-- Work to be completed --
With the pictures left out, write out the records verbatim.

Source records
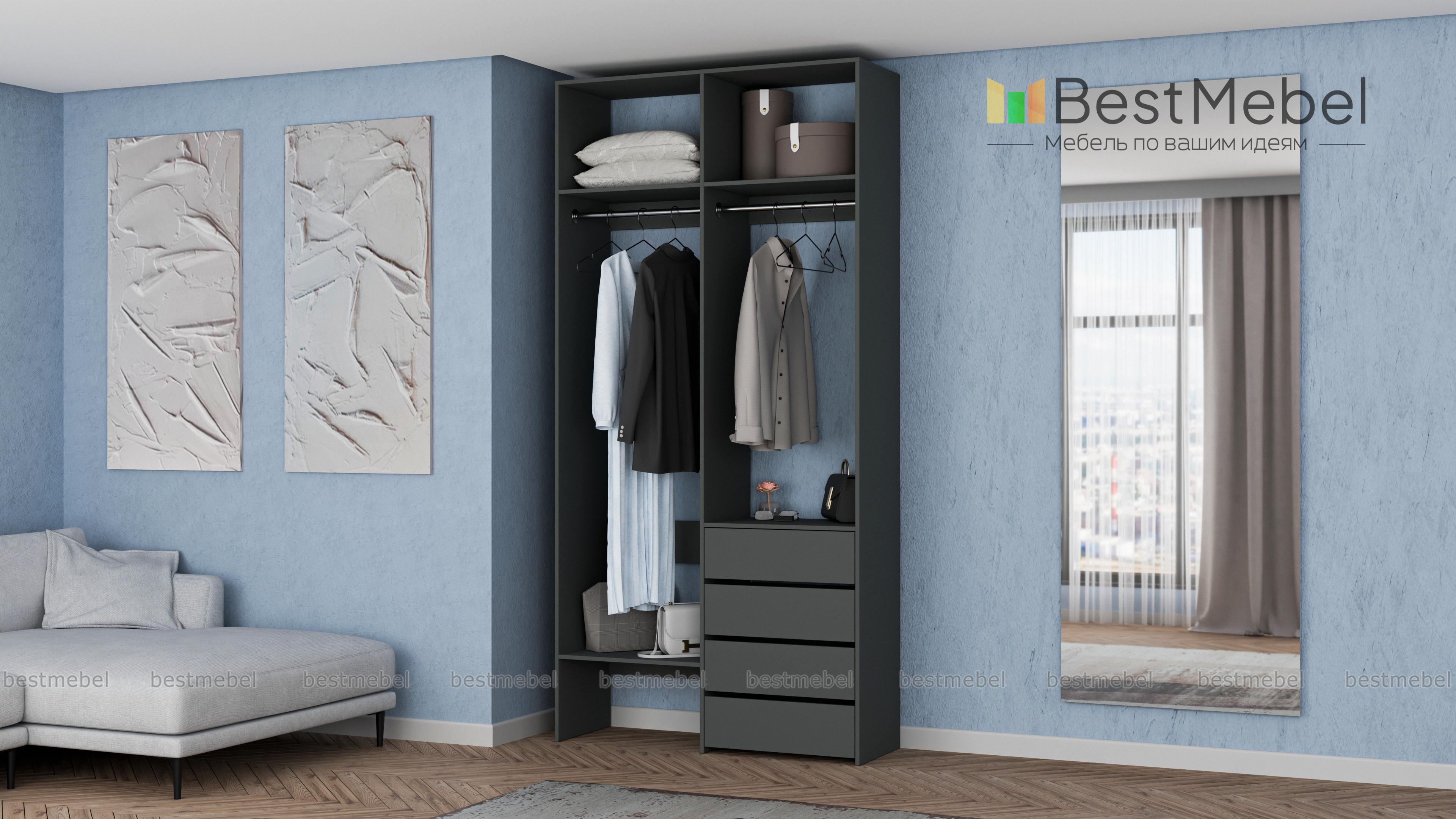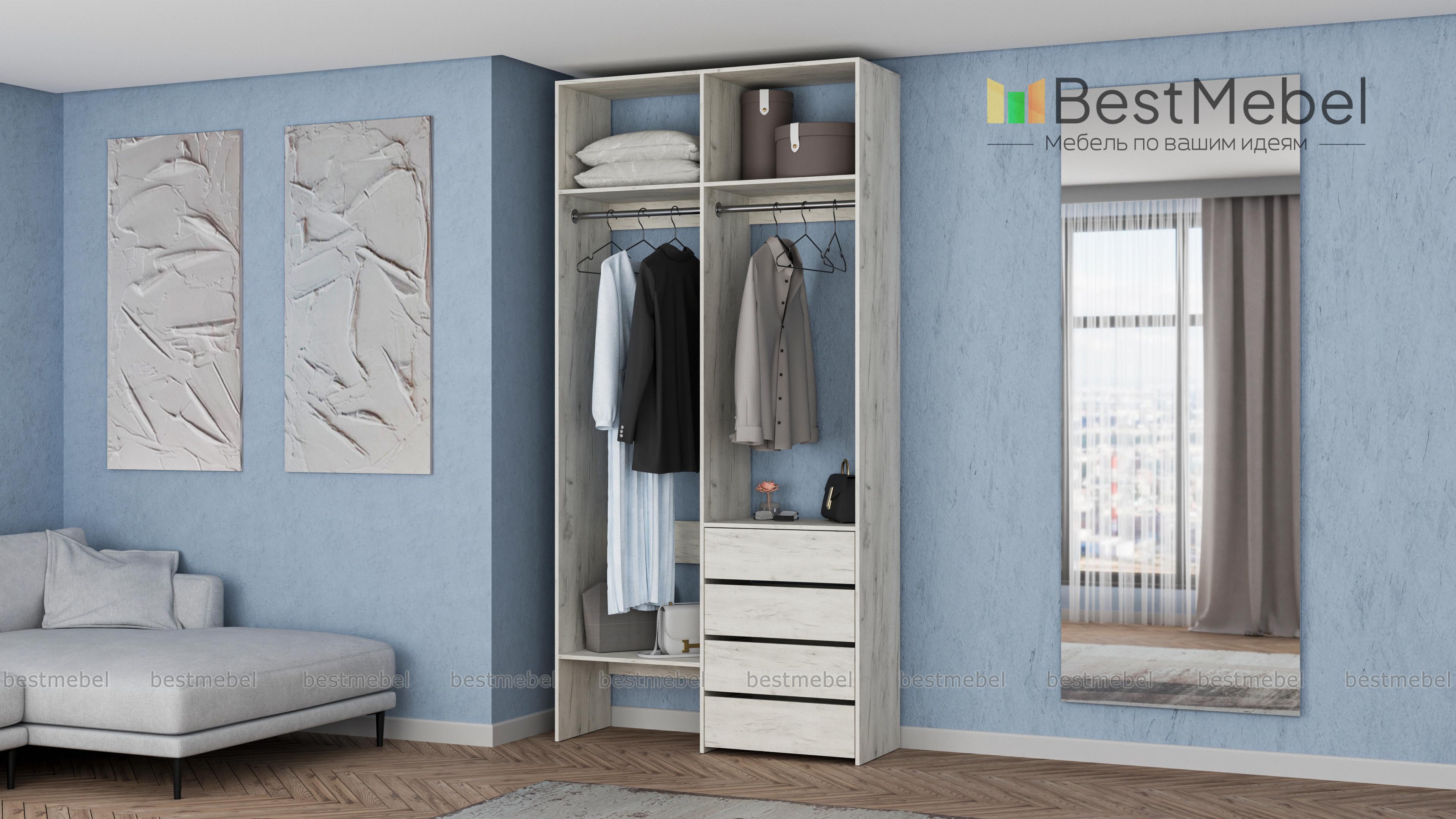 Стеллаж для одежды Мирта 45 BMS позволяет выделить зоны для хранения разных вещей. Комплектация включает в себя отделения со штангами для короткой и длинной одежды, полки сверху и снизу, а также ряд из четырех выдвижных ящиков справа. Двухсекционный стеллаж выполнен в светлом базовом оттенке и отлично смотрится на небольшом метраже. Купить стеллаж для одежды Мирта 45 BMS вы всегда сможете в нашем интернет-магазине, подобрав нужные размеры и оттенок по каталогу.
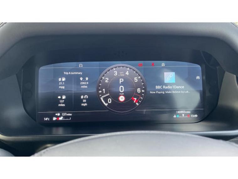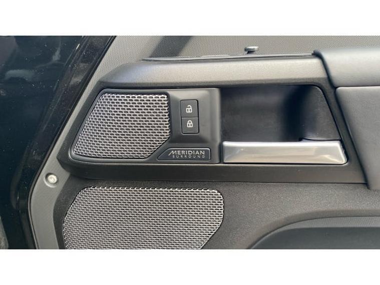 Matrix LED headlights, Meridian Surround Sound System, 3D Surround Camera, Adaptive Cruise Control, heated and cooled electric memory front seats, heated steering wheel, panoramic glass roof, Configurable Terrain Response, electronic air suspension, and Apple CarPlay & Android Auto.
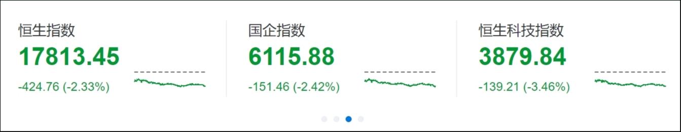 受此影响,今日(10月13日)港股开盘后,恒生指数、恒生科技指数均呈低开低走态势。截至收盘,恒生指数跌2.33%,恒生科技指数跌3.46%。![]()
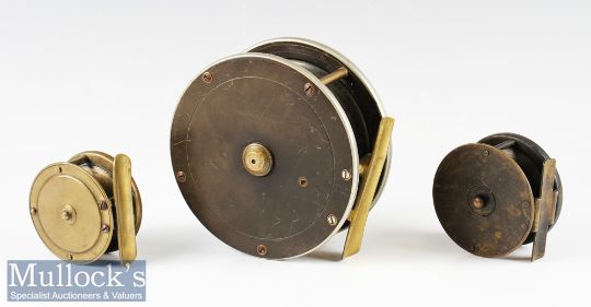 3x various brass/ebonite/nickel silver and brass reels – Carter & Co London “SEJ” style brass, ebonite and nickel silver 4.5” salmon reel - no check – brass plate wind slightly high in places, turns smoothly: Allcocks 2.25” brass plate wind (constant check – stiff) an another similar style constant check (G)
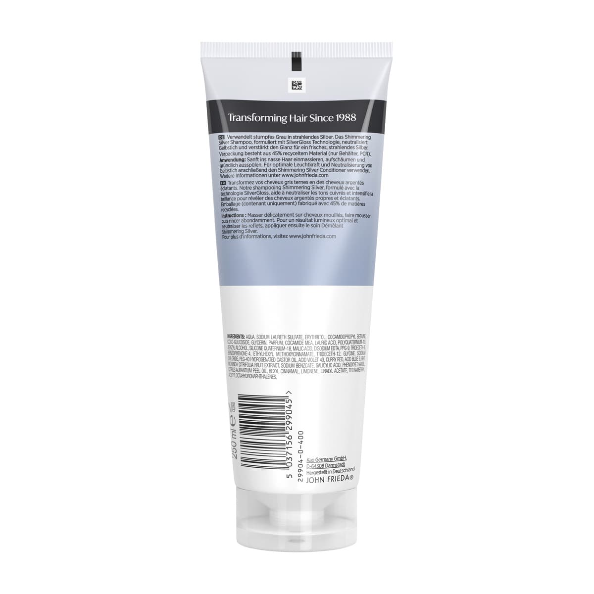 | Anwendungshinweis | Sanft ins nasse Haar einmassieren, aufschäumen und gründlich ausspülen. Für optimale Leuchtkraft und Neutralisierung von Gelbstich anschließend den Shimmering Silver Conditioner verwenden. |
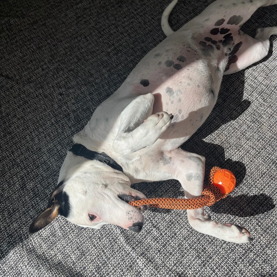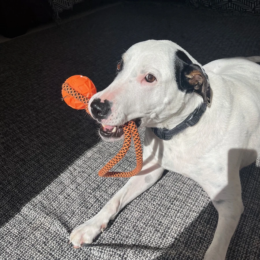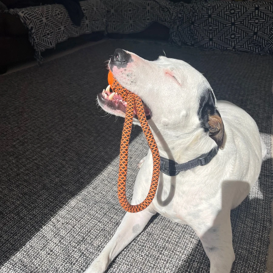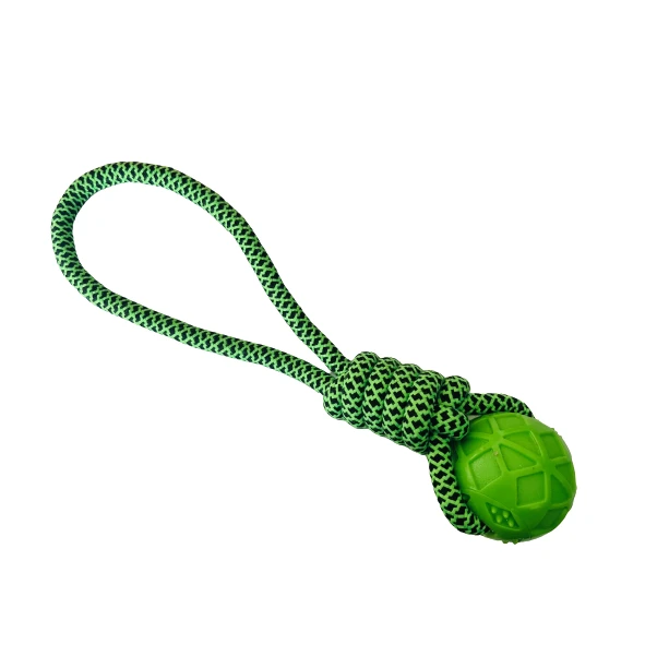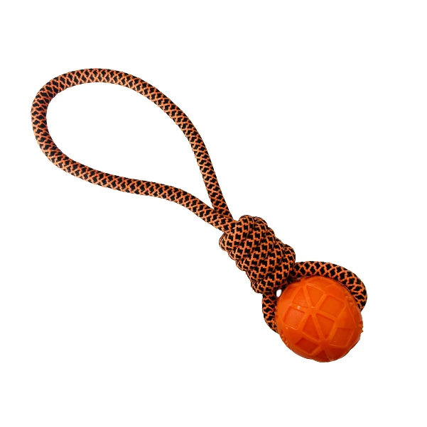 The perfect toy for dogs that enjoy games of tug-and-pull. Fun to toss, chew and fetch, the toy provides hours of healthy play for you and your pet. Regular chewing gently cleans teeth and massages gums, reducing plaque build-up and preventing gum disease. Made from biodegradable materials, it is machine washable. Size: 40 cm - Perfect for your big boy, or girl! Features: - encouraging playful activities. - safe, non-toxic, excellent hardness. - effectively helps clean the teeth, massage gums and tongue, reduce breeding of dental plaque and tartar, thus preventing a variety of oral diseases. What's in the box 1 x Rope Ball Tug Toy for Dogs |
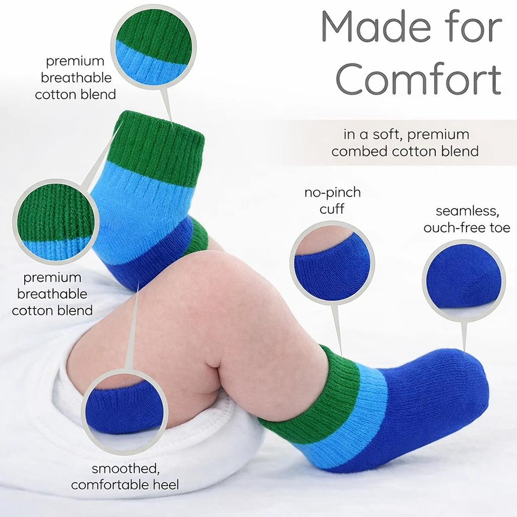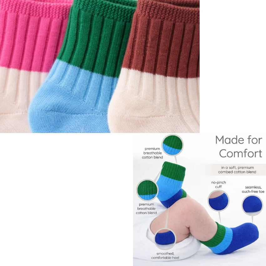 Keep your little one comfortable and stylish with these Colorful Pure Cotton Baby Socks for 2–4 Year Old Kids. Designed with soft breathable cotton fabric, these toddler socks are gentle on delicate baby skin and perfect for daily wear in all weather conditions. The premium cotton material helps keep your baby’s feet cool in summer, warm in mild weather, and comfortable throughout the day. These multicolor baby socks feature a stretchable and snug ankle fit that stays in place without leaving marks on your baby’s skin. The soft, lightweight, and breathable fabric allows proper air circulation, making them ideal for active toddlers who are learning to walk and play. Perfect for boys and girls, these cute toddler cotton socks match easily with outfits. Whether it’s home wear, daycare, travel, or outdoor play, these comfortable kids socks provide the right balance of softness, durability, and flexibility. These premium baby cotton socks are a must-have essential for your toddler’s wardrobe and also make a great gift for babies and toddllrs. baby socks toddler socks kids socks cotton baby socks infant socks baby ankle socks toddler ankle socks kids cotton socks colorful baby socks soft baby socks breathable baby socks baby clothing accessories toddler clothing daily wear baby socks kids comfortable socks |
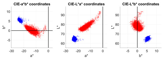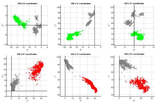 Figure 9 shows the L*, a*, b* clouds of both sets of pixels (pigment and white) for both probes. The top row shows the three two-dimensional projections of such a color space for probe 1. The green color represents pigment samples and the grey color the white samples. The bottom row shows the same for probe 2 (the red color pigment samples and the grey color for the white samples). As can be observed, the different samples are easily classifiable with the k-means algorithm.
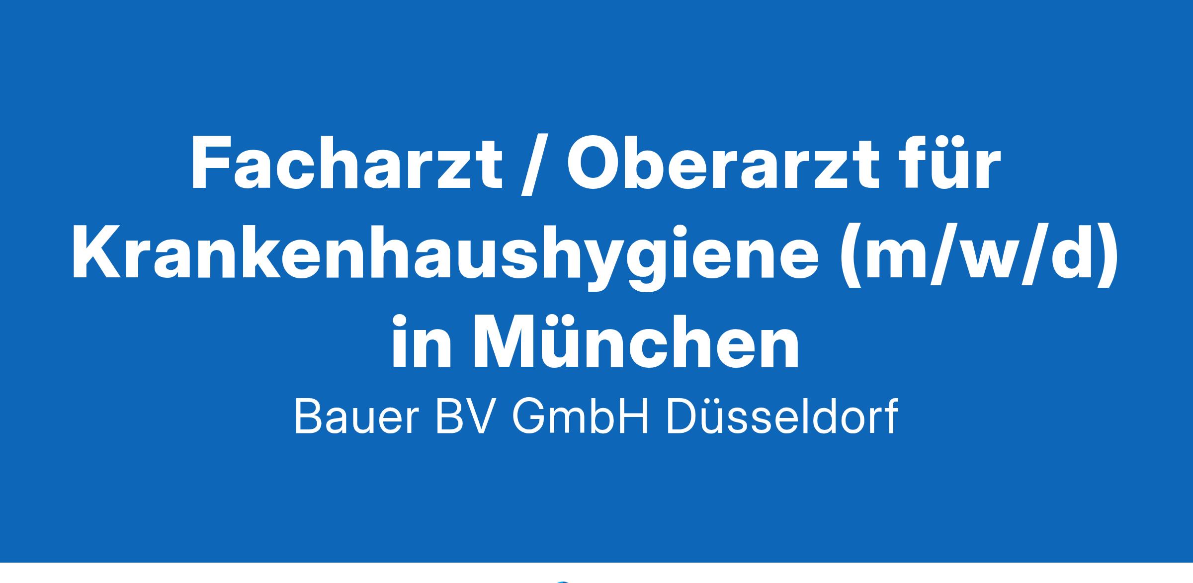 Anstellungsart(en): VollzeitIhr neuer Arbeitsplatz:Klinikum der Maximalversorgung in Bayern mit ca. 1.000 Betten. Die Klinik für Mikrobiologie, Labormedizin und Hygiene betreut alle Abteilungen des Hauses.Ihre Vorteile:Attraktiver Arbeitsplatz in einer modernen KlinikAnspruchsvolles AufgabengebietAnsprechpartnerIn für KrankenhaushygieneAntiinfektiva-BeratungTeilnahme an Hygiene- und ABS-SitzungenLeitung von speziellen HygieneprojektenDurchführung eigener ForschungsprojekteTätigkeit als DozentUnterstützung für Fort- und Weiterbildungsmaßnahmen31 Tage UrlaubAttraktive VergütungUnbefristete Festanstellung mit PerspektiveIhr Profil:Facharzt (m/w/d) für Hygiene und Umweltmedizin oderFacharzt (m/w/d) mit Weiterbildung Krankenhaushygiene oderFacharzt (m/w/d) mit Interesse an der Weiterbildung KrankenhaushygienePromotionGerne Erfahrung im Betreich Antibiotic Stewardship (ABS)Ihr Ansprechpartner:Bauer B+V Personalberatung

-- Task response --
 Стеллаж для одежды Мирта 45 BMS позволяет выделить зоны для хранения разных вещей. Комплектация включает в себя отделения со штангами для короткой и длинной одежды, полки сверху и снизу, а также ряд из четырех выдвижных ящиков справа. Двухсекционный стеллаж выполнен в светлом базовом оттенке и отлично смотрится на небольшом метраже. Купить стеллаж для одежды Мирта 45 BMS вы всегда сможете в нашем интернет-магазине, подобрав нужные размеры и оттенок по каталогу.
 Matrix LED headlights, Meridian Surround Sound System, 3D Surround Camera, Adaptive Cruise Control, heated and cooled electric memory front seats, heated steering wheel, panoramic glass roof, Configurable Terrain Response, electronic air suspension, and Apple CarPlay & Android Auto.
 受此影响,今日(10月13日)港股开盘后,恒生指数、恒生科技指数均呈低开低走态势。截至收盘,恒生指数跌2.33%,恒生科技指数跌3.46%。![]()
 3x various brass/ebonite/nickel silver and brass reels – Carter & Co London “SEJ” style brass, ebonite and nickel silver 4.5” salmon reel - no check – brass plate wind slightly high in places, turns smoothly: Allcocks 2.25” brass plate wind (constant check – stiff) an another similar style constant check (G)
 | Anwendungshinweis | Sanft ins nasse Haar einmassieren, aufschäumen und gründlich ausspülen. Für optimale Leuchtkraft und Neutralisierung von Gelbstich anschließend den Shimmering Silver Conditioner verwenden. |
 The perfect toy for dogs that enjoy games of tug-and-pull. Fun to toss, chew and fetch, the toy provides hours of healthy play for you and your pet. Regular chewing gently cleans teeth and massages gums, reducing plaque build-up and preventing gum disease. Made from biodegradable materials, it is machine washable. Size: 40 cm - Perfect for your big boy, or girl! Features: - encouraging playful activities. - safe, non-toxic, excellent hardness. - effectively helps clean the teeth, massage gums and tongue, reduce breeding of dental plaque and tartar, thus preventing a variety of oral diseases. What's in the box 1 x Rope Ball Tug Toy for Dogs |
 Keep your little one comfortable and stylish with these Colorful Pure Cotton Baby Socks for 2–4 Year Old Kids. Designed with soft breathable cotton fabric, these toddler socks are gentle on delicate baby skin and perfect for daily wear in all weather conditions. The premium cotton material helps keep your baby’s feet cool in summer, warm in mild weather, and comfortable throughout the day. These multicolor baby socks feature a stretchable and snug ankle fit that stays in place without leaving marks on your baby’s skin. The soft, lightweight, and breathable fabric allows proper air circulation, making them ideal for active toddlers who are learning to walk and play. Perfect for boys and girls, these cute toddler cotton socks match easily with outfits. Whether it’s home wear, daycare, travel, or outdoor play, these comfortable kids socks provide the right balance of softness, durability, and flexibility. These premium baby cotton socks are a must-have essential for your toddler’s wardrobe and also make a great gift for babies and toddllrs. baby socks toddler socks kids socks cotton baby socks infant socks baby ankle socks toddler ankle socks kids cotton socks colorful baby socks soft baby socks breathable baby socks baby clothing accessories toddler clothing daily wear baby socks kids comfortable socks |
 Figure 9 shows the L*, a*, b* clouds of both sets of pixels (pigment and white) for both probes. The top row shows the three two-dimensional projections of such a color space for probe 1. The green color represents pigment samples and the grey color the white samples. The bottom row shows the same for probe 2 (the red color pigment samples and the grey color for the white samples). As can be observed, the different samples are easily classifiable with the k-means algorithm.
 Anstellungsart(en): VollzeitIhr neuer Arbeitsplatz:Klinikum der Maximalversorgung in Bayern mit ca. 1.000 Betten. Die Klinik für Mikrobiologie, Labormedizin und Hygiene betreut alle Abteilungen des Hauses.Ihre Vorteile:Attraktiver Arbeitsplatz in einer modernen KlinikAnspruchsvolles AufgabengebietAnsprechpartnerIn für KrankenhaushygieneAntiinfektiva-BeratungTeilnahme an Hygiene- und ABS-SitzungenLeitung von speziellen HygieneprojektenDurchführung eigener ForschungsprojekteTätigkeit als DozentUnterstützung für Fort- und Weiterbildungsmaßnahmen31 Tage UrlaubAttraktive VergütungUnbefristete Festanstellung mit PerspektiveIhr Profil:Facharzt (m/w/d) für Hygiene und Umweltmedizin oderFacharzt (m/w/d) mit Weiterbildung Krankenhaushygiene oderFacharzt (m/w/d) mit Interesse an der Weiterbildung KrankenhaushygienePromotionGerne Erfahrung im Betreich Antibiotic Stewardship (ABS)Ihr Ansprechpartner:Bauer B+V Personalberatung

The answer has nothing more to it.